Data section:
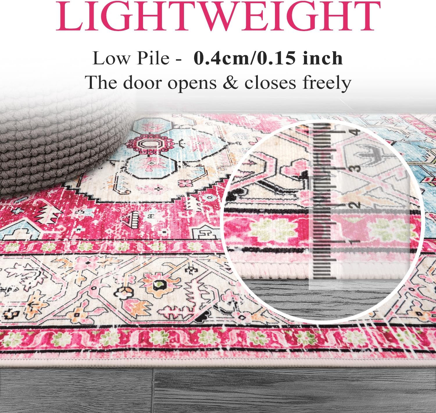 - Functional Lightweight Rug - Lahome ultra-thin rugs are made with everyday use in mind and high-traffic areas. 0.15 inches thickness allows for convenient placement in hallway, kitchen, entryway and underneath furniture. The door opens and closes freely
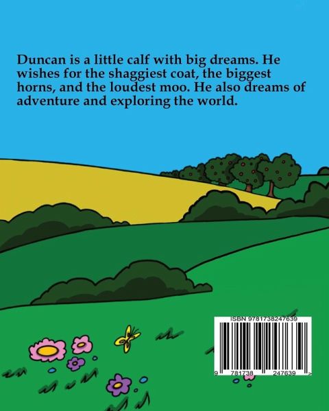 Duncan MacTavish is a Highland calf who has big dreams. He wants to have the shaggiest coat and the longest horns. He also wants to go on adventures and go exploring. His friends teach him patience and remind him that it is important to wait until the time is right.
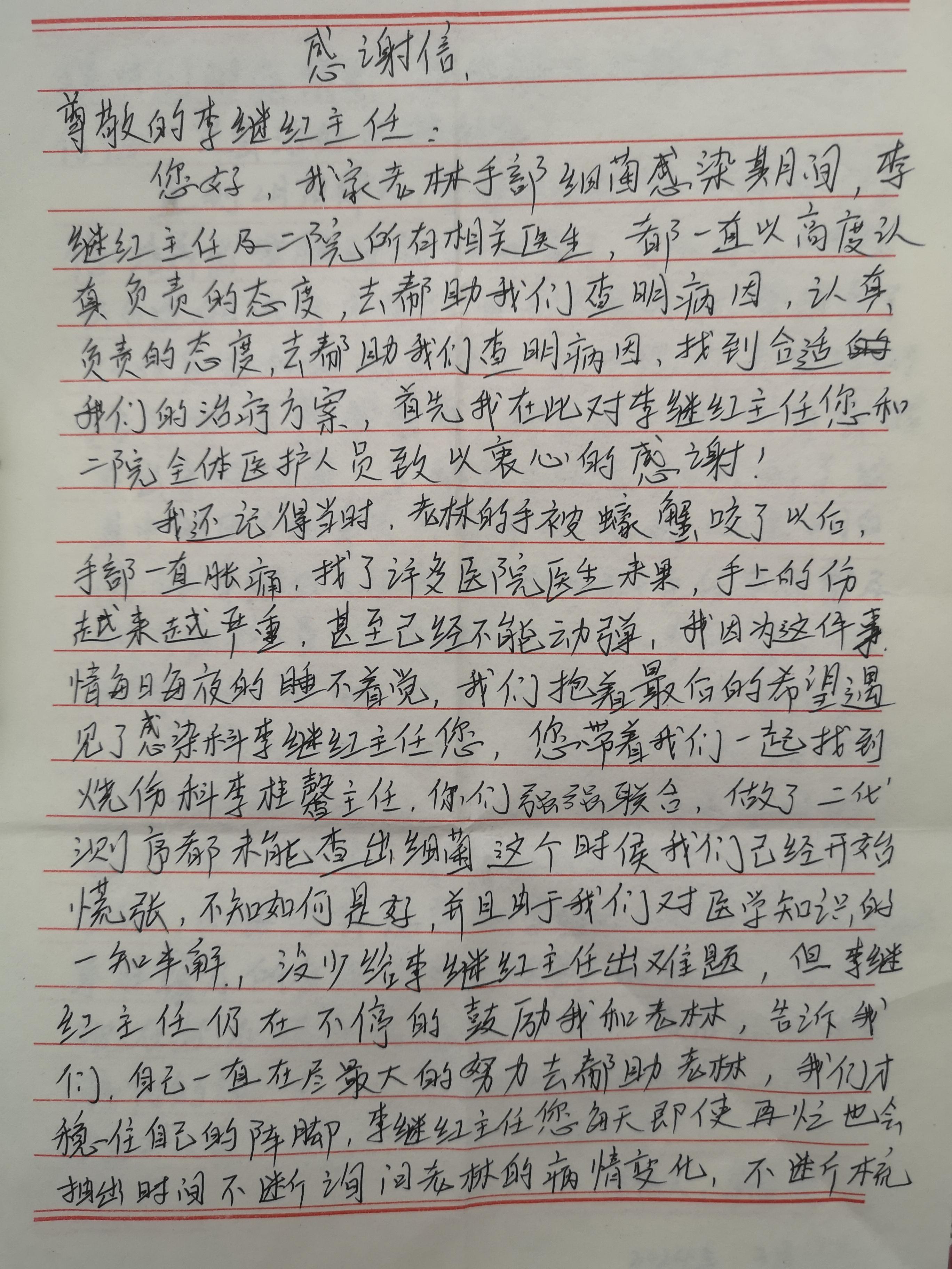 致感染性疾病实验诊断中心李继红主任及烧伤科李桂馨主任的感谢信

Requirement: The listing is to be repeated word for word, with all pictures omitted.

Solution to this exercise:
 - Functional Lightweight Rug - Lahome ultra-thin rugs are made with everyday use in mind and high-traffic areas. 0.15 inches thickness allows for convenient placement in hallway, kitchen, entryway and underneath furniture. The door opens and closes freely
 Duncan MacTavish is a Highland calf who has big dreams. He wants to have the shaggiest coat and the longest horns. He also wants to go on adventures and go exploring. His friends teach him patience and remind him that it is important to wait until the time is right.
 致感染性疾病实验诊断中心李继红主任及烧伤科李桂馨主任的感谢信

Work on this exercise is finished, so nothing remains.